B. Demande de rectification de l’erreur
matérielle
. Par un
jugement du 27 octobre 2004, le tribunal rejeta la demande du requérant visant
la rectification de l’erreur matérielle qui s’était glissée dans les motifs du
jugement du 19 décembre 2002 du tribunal départemental de Iaşi, qui avait
retenu la date de 17 avril 2002, au lieu du 18 avril 2002, comme date à
laquelle les témoins à décharge auraient vu le requérant à son domicile.
. Ce jugement
fut infirmé par un arrêt du 23 novembre 2004 de la cour d’appel de Iaşi,
qui fit droit à la demande du requérant.
. Le requérant
fit recours, demandant l’annulation de la demande d’appel formulée par le
parquet contre le jugement du 19 décembre 2002 du tribunal départemental de
Iaşi. Il faisait valoir que, s’il n’y avait pas eu l’erreur matérielle qui
s’était glissée dans le jugement du 19 décembre 2002, le parquet n’aurait eu
aucun argument pour interjeter appel contre cette décision.
. Les parties n’ont
pas précisé quelles ont été les suites de cette procédure.
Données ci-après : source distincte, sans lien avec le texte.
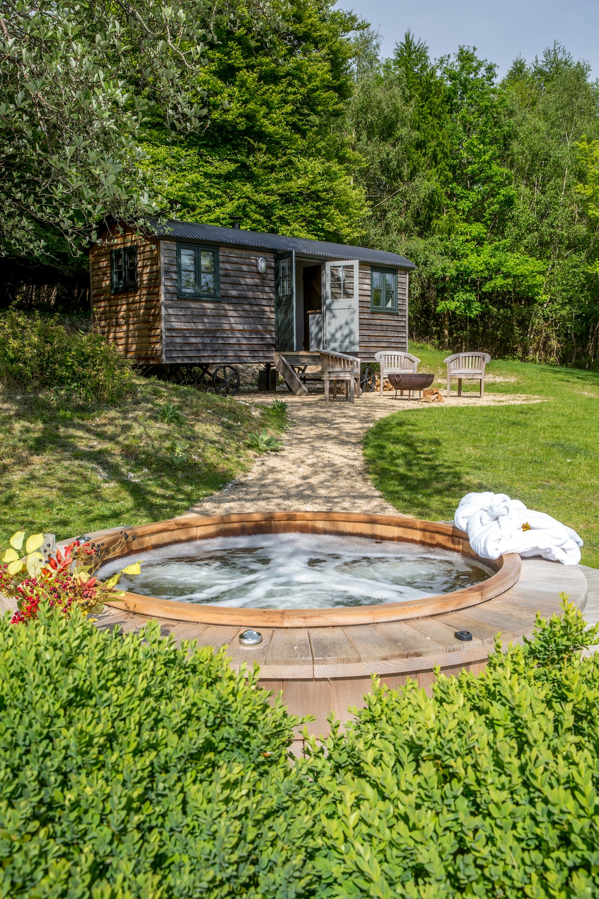 'Brambling' shepherd's hut is nestled in the peaceful surroundings of Summerdown Estate. One of a small cluster of four cosy shepherd's huts, ready for you to relax and unwind, surrounded by nature. A stay at Brambling hut includes the exclusive use of: Wood-fired hot tub in its own private outdoor setting. Outdoor seating, firepit and BBQ it’s a beautiful spot to rest and relax. Wood burner & cosy interior Secluded setting in rural Hampshire Perfect for couples & special occasions

C. Enquête concernant les allégations de
mauvais traitement
. Le 5 août
2002, les parents du requérant saisirent le parquet militaire de Iaşi d’une
plainte contre quatre policiers de la police de Iaşi qu’ils accusaient d’avoir
frappé le requérant le 27 avril 2002.
. Le parquet
militaire de Iaşi procéda à l’audition du requérant et de ses parents
ainsi que des policiers. Le procès-verbal du 28 avril 2002 dressé lors de l’arrestation
du requérant et qui ne faisait état d’aucune trace de violence sur son corps
fut également versé au dossier du parquet militaire.
. Par une
ordonnance du 4 septembre 2002, confirmée le 11 septembre 2002, le
parquet militaire de Iaşi prononça un non-lieu, au motif que les éléments
de preuve versés au dossier ne prouvaient pas que les policiers avaient frappé
le requérant.
. Ni ses
parents ni le requérant lui-même n’ont contesté l’ordonnance de non-lieu.
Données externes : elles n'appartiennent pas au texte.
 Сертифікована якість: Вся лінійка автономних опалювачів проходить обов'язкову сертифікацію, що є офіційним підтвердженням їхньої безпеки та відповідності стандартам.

D. Plainte pénale contre le procureur
. A une date
non précisée en 2005, le requérant saisit le parquet près la cour d’appel d’une
plainte pénale contre M., le procureur du parquet près le tribunal
départemental qui avait rédigé les motifs d’appel du parquet contre le jugement
d’acquittement. Le requérant l’accusait d’abus et négligence car son appel
était essentiellement fondé sur l’erreur matérielle contenue dans le jugement. Par
ordonnances des 25 mars et 3 juin 2005, le parquet près la Haute Cour de
cassation et de justice rejeta sa plainte, au motif que M. avait accompli son
devoir professionnel et indiqué plusieurs motifs d’appel en dehors de celui
soulevé par le requérant.
II. LE DROIT INTERNE PERTINENT
. Le Code de
procédure pénale règlementait, à l’époque des faits, à l’article 341, l’exercice
par l’inculpé de son droit de prendre la parole en dernier (« ultimul
cuvânt al inculpatului ») comme le moment final de la phase de l’enquête
judiciaire (« cercetare judecătorească »). Le second
paragraphe de cet article disposait plus précisément que :
« Lorsque l’inculpé prend la parole en
dernier, on ne peut pas lui poser des questions. Si l’inculpé expose des faits
ou des circonstances nouveaux, essentiels pour la solution de l’affaire, le
tribunal procède à la réouverture de l’enquête judiciaire ».
. Les
dispositions pertinentes du Code de procédure pénale relatives aux pouvoirs de
la juridiction d’appel étaient ainsi libellées à l’époque des faits :
Article 378
« (1) La juridiction qui juge l’appel
vérifie la décision contestée sur la base des éléments du dossier et de tout
nouveau document écrit présenté devant la juridiction d’appel.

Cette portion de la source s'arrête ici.